1) Synchronous Messaging

imageSo before you can order a pizza, you need to know a couple of things. First of all, whether the pizza shop is open, and then of course what pizzas they have on offer. You really can’t do anything else without this knowledge, and those facts should be readily available – either by browsing a website, or by picking up the phone and dialling the shop. Essentially you make a request for information and that information is delivered to you straight away.

That’s what we expect with synchronous messaging – a request and response within the same channel, session and connection. And we shouldn’t have time to go get a coffee before the answer comes back. From an application perspective, that is very simple to implement as the service provider doesn’t have to initiate or establish a connection to the client; the client does all of that and service simply responds. However care must be take to ensure the response is swift, lest you risk incurring a timeout exception. Then you create ambiguity for the client who doesn’t really know whether the request was processed or not (especially troublesome if it were a transactional command that requires idempotency).

Synchronous Messaging (1)

2) Asynchronous Messaging

imageSo now you know the store is open and what pizzas to choose from. Great. So you settle on that wonderful ham & pineapple pizza on a traditional crust with a garnish of basil, and you place your order. Now if the shopkeeper hands you a pizza straight away, you’re probably not terribly inclined to accept it. Clearly you expect your pizza to be cooked fresh to order, not just pulled ready-made off a shelf. More likely you’ll be given an order number or a ticket and told your pizza will be ready in 20 minutes or so.

Now comes the interesting part – the delivery. Typically you will have two choices. You can either ask them to deliver the pizza to you in your home. This frees you up to do other things while you wait, and you don’t have to worry about chasing after your purchase. They bring it to you. But there’s a slight catch: you have to give them a valid address.

In the asynchronous messaging world, we would call this address a “callback” endpoint. In this scenario, the service provider has the burden of delivering the response to the client when it’s ready. This also means catering for a scenario where the callback endpoint it invalid or unavailable. Handling this could be as blunt as dropping the response and forgetting about it, or as robust as storing it and sending an out-of-band message through some alternate route to the client to come pick it up. Either way, in most cases this is an easier solution for the client than for the service provider.

Aynchronous Messaging (Callback)

But what if you don’t want to give out your address? In this case, you might say to the pizza maker, “I’ll come in and pick it up.”  So they say fine, it’ll be ready in 20 minutes.

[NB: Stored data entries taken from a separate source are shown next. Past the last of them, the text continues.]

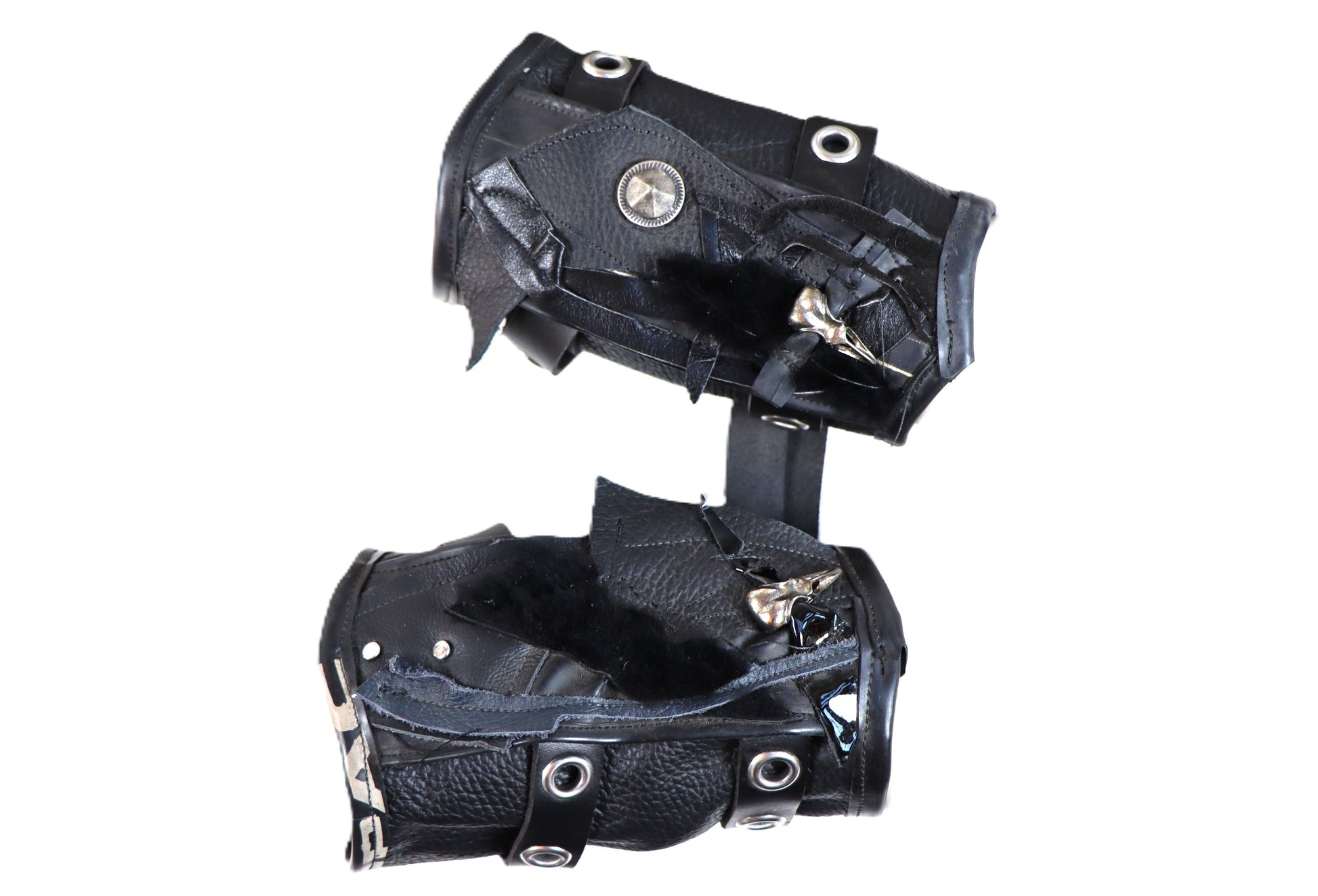 Handgefertigte Armschienen aus Leder, Gummi oder anderen Materialien. Die Schienen passen sich durch die Schnallen und Gurte ideal an. Das Leder schiebt sich ineinander.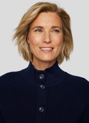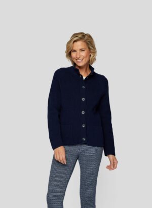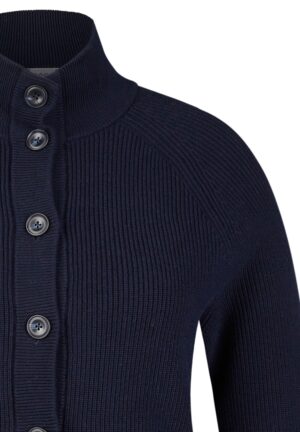 Diese gerade geschnittene Strickjacke aus 75% Baumwolle und 25% Polyester bietet Ihnen nicht nur ein angenehmes Tragegefühl, sondern auch eine klassische Optik. Der modische Stehkragen und der praktische Knopfverschluss verleihen der Jacke einen besonderen Charme. Mit den langen Ärmeln und dem Design in elegantem Marineblau ist sie die perfekte Ergänzung für Ihre Garderobe. Ideal für kühlere Tage lässt sich diese vielseitige Jacke sowohl lässig als auch schick kombinieren.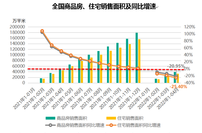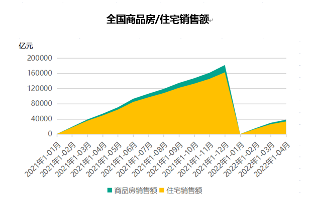 2022年 1-4 月,全国商品房销售面积 39768 万平米,同比下滑 20.95%,其中住宅销售面积占到 85% 为 33722 万平米,同比下滑 25.40%,连续三个月出现负增长。1-4 月商品房销售金额为 37789 亿元,同比降幅 29.51%,住宅销售金额为 33248 亿元,同比降幅 32.16%,均较上个月继续扩大。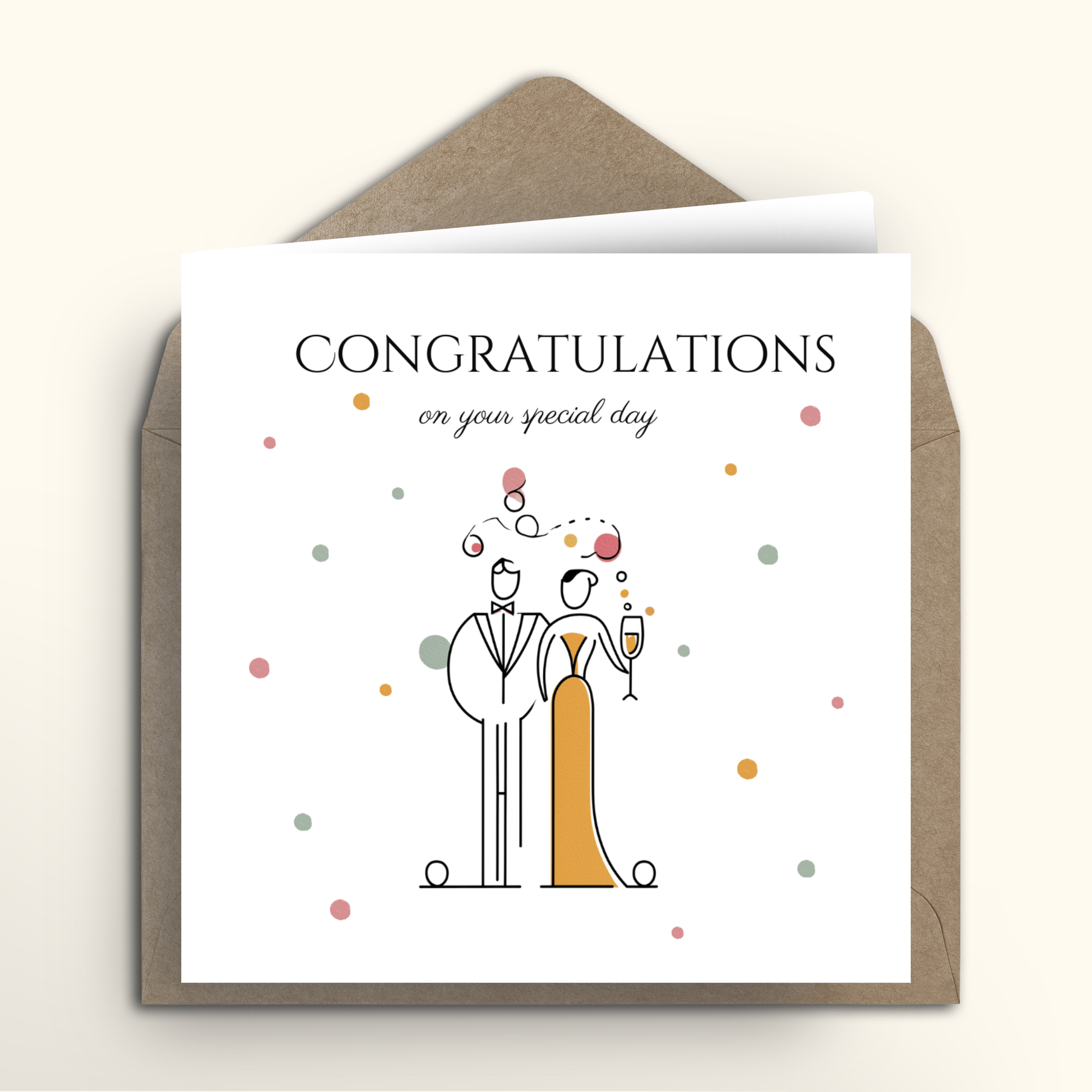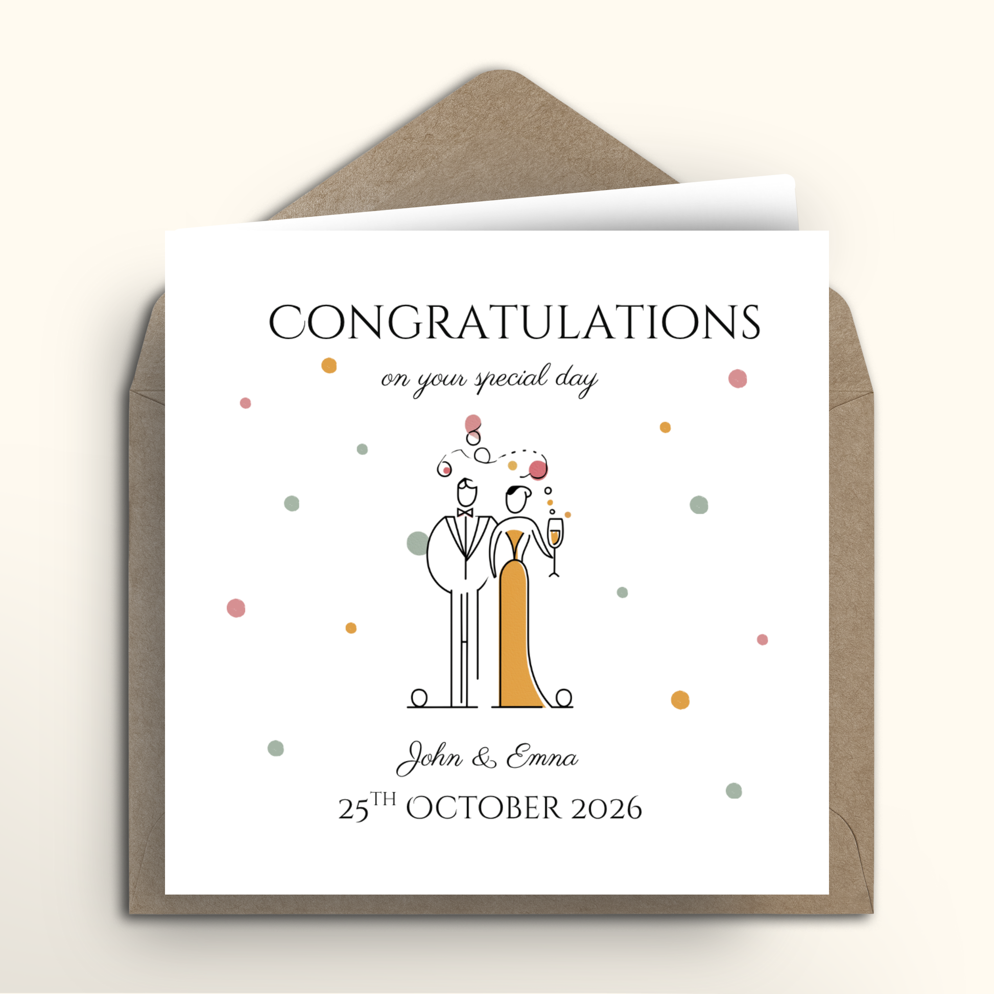 Personalised wedding, anniversary, engagement, civil partnership card with a champagne glass for those two special people. Personalise your card with your text and names.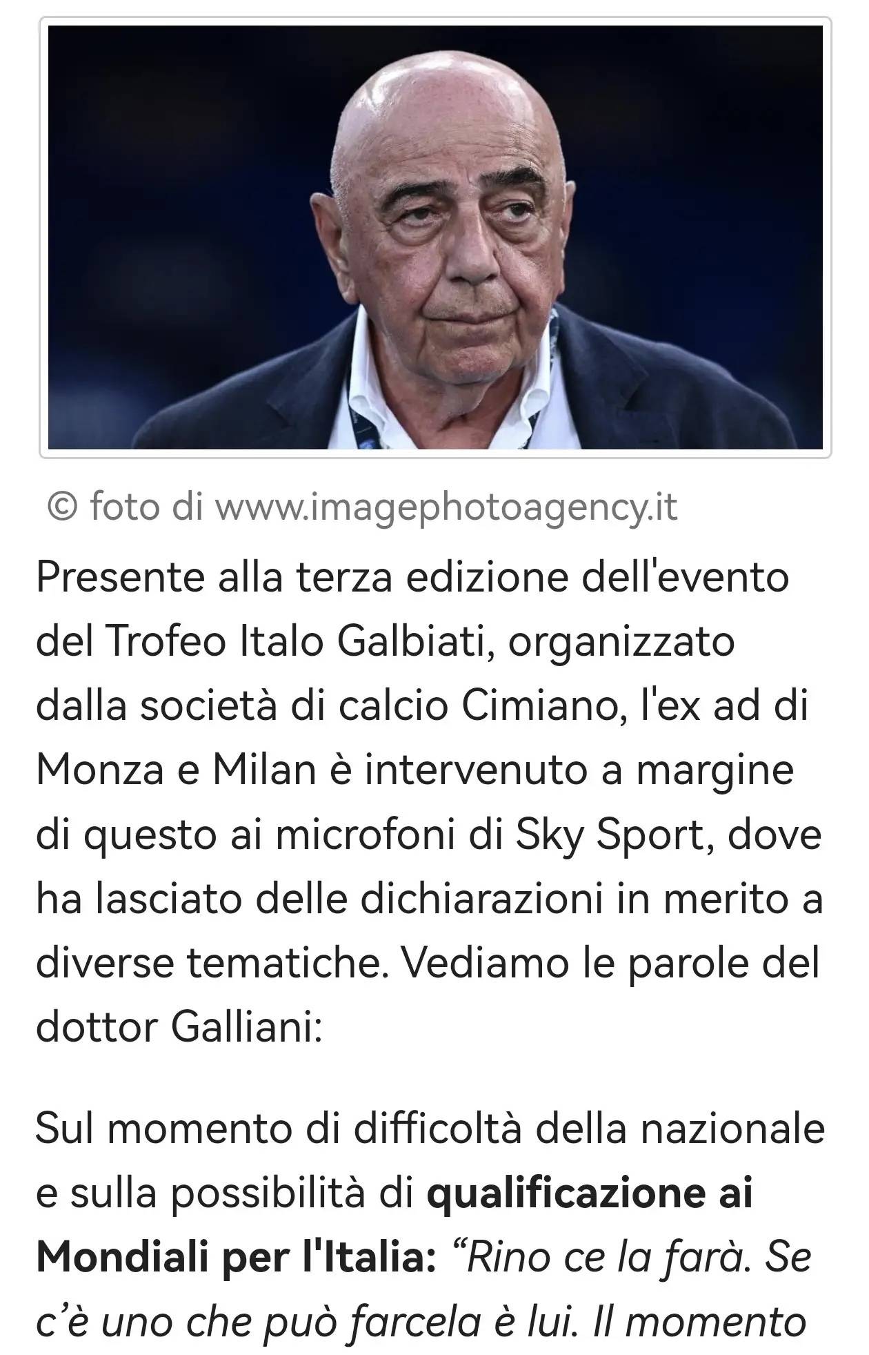 อดีตประธานกรรมการบริหารของเอซี มิลาน และมอนซ่า อาเดรียโน่ กัลเลียนี ได้เข้าร่วมงานมอบรางวัลอิตาโล การ์บีอาตี โทรฟี ครั้งที่สาม ซึ่งจัดโดยสโมสรฟุตบอลชิเมโร่ ในระหว่างช่วงพักการแข่งขัน เขาได้ให้สัมภาษณ์กับสกาย สปอร์ต โดยหารือเกี่ยวกับหัวข้อต่าง ๆ มากมาย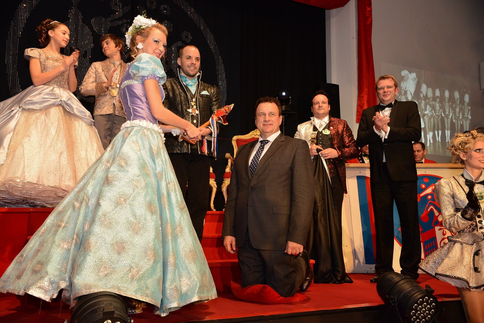 Der Startschuss für die Faschingssaison 2015 ist gefallen. Beim Krönungsball der Burgfunken wurden nicht nur die beiden Prinzenpaare und die Garde , sondern traditionell auch der neue Ritter von der Hutzeldörre vorgestellt. Nach fulminanten Auftritten der Garden, die mit tosendem Beifall bedacht wurden, wurde dann das Geheimnis gelüftet und der neue Ritter vorgestellt. Dem amtierenden „Ritter von der Hutzeldörre“, MdB Dr. Reinhard Brandl, fiel dann die Aufgabe zu, den Ritter zu präsentieren. In einer sehr launigen Rede stellte Reinhard Brandl seinen Nachfolger vor. Der „Ritter von der Hutzeldörre 2015“, Herr Fred Biber, wurde dann von Prinzessin Vivien I. in einer feierlichen Zeremonie zum Ritter geschlagen.
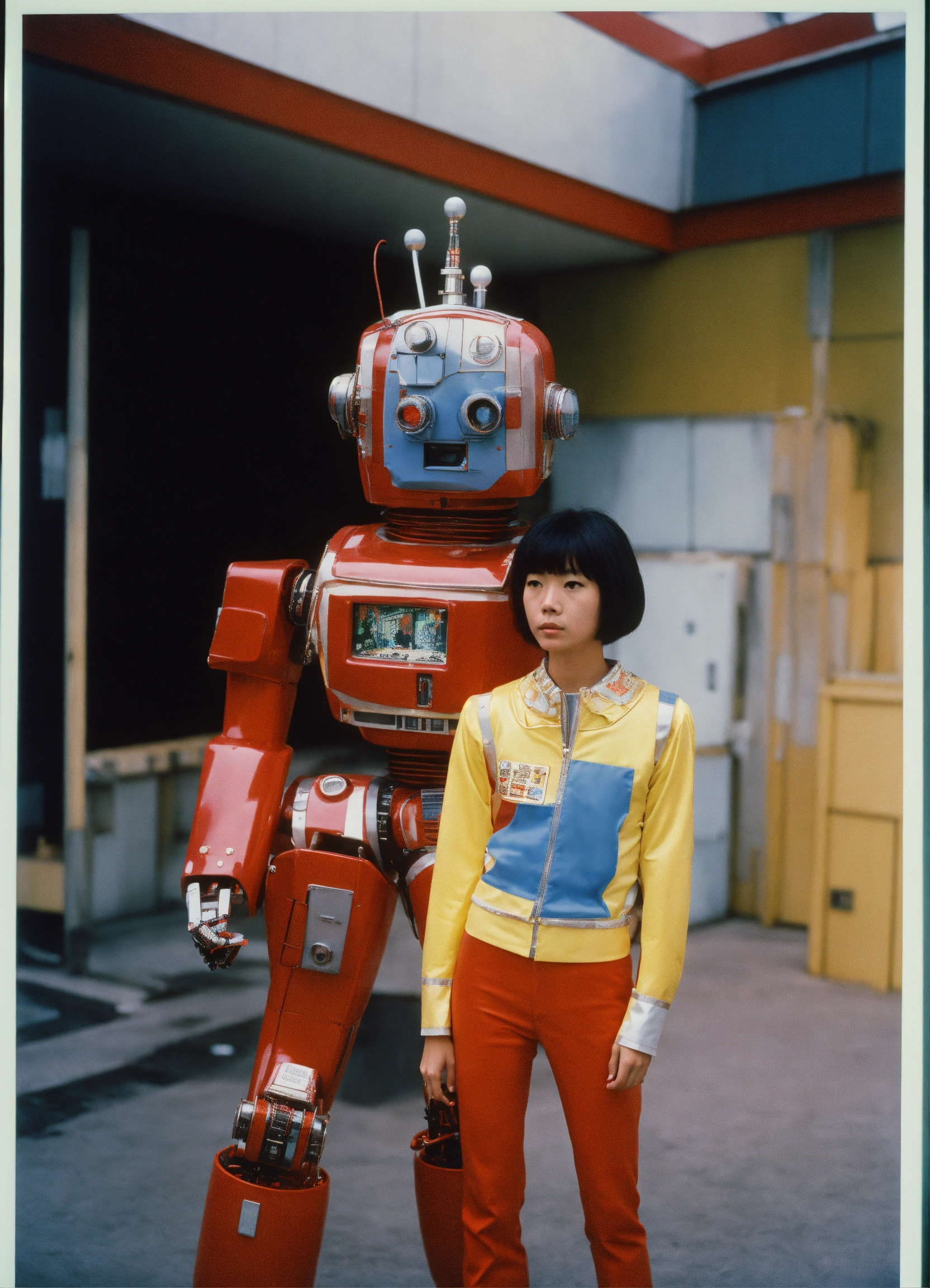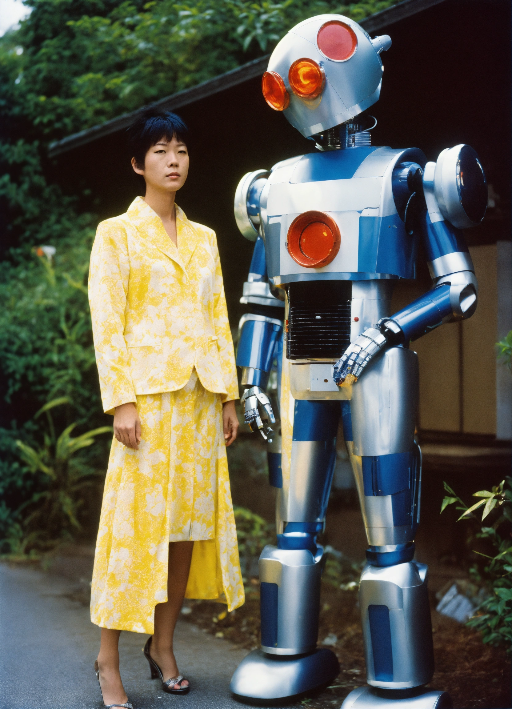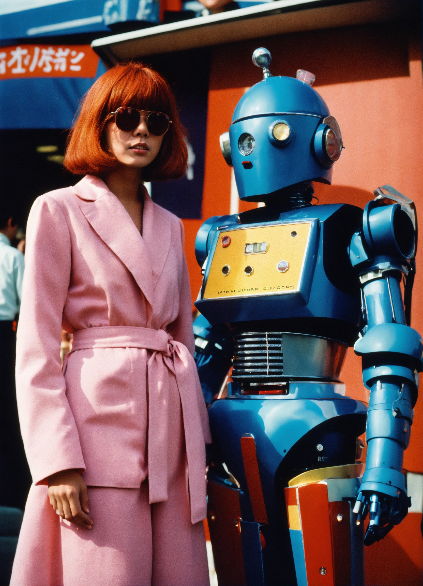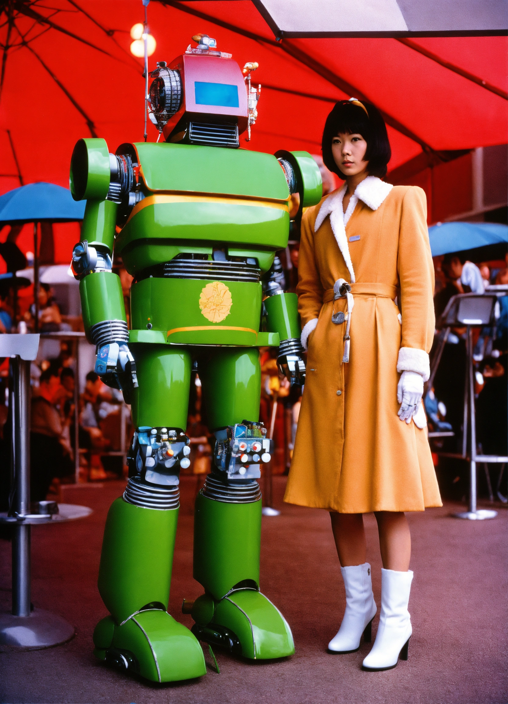 A man dressed in a robot costume next to woman in a costume, in the style of katsuhiro otomo, kodak elite chrome extra color, tetsuo hara, larry elmore, 1970–present, poolcore, ricoh ff-9d --ar 5293

Only you get there in 10 minutes and ask if it’s ready; they say not yet. You wait a few more minutes and ask again, and get the same response. Eventually it is ready and they hand you your nice fresh piping hot pizza.

This is an example of a polling pattern. The only burden on the service provider is to produce the response and then store it somewhere temporarily. The client  has the job of continually asking if it is ready, and needs to cater for a series of negative responses before finally retrieving the result it is after. You might see this as a less favourable approach for the client – but sometimes this is driven by constraints on the client side, such as difficulties opening up a firewall rule to allow incoming traffic.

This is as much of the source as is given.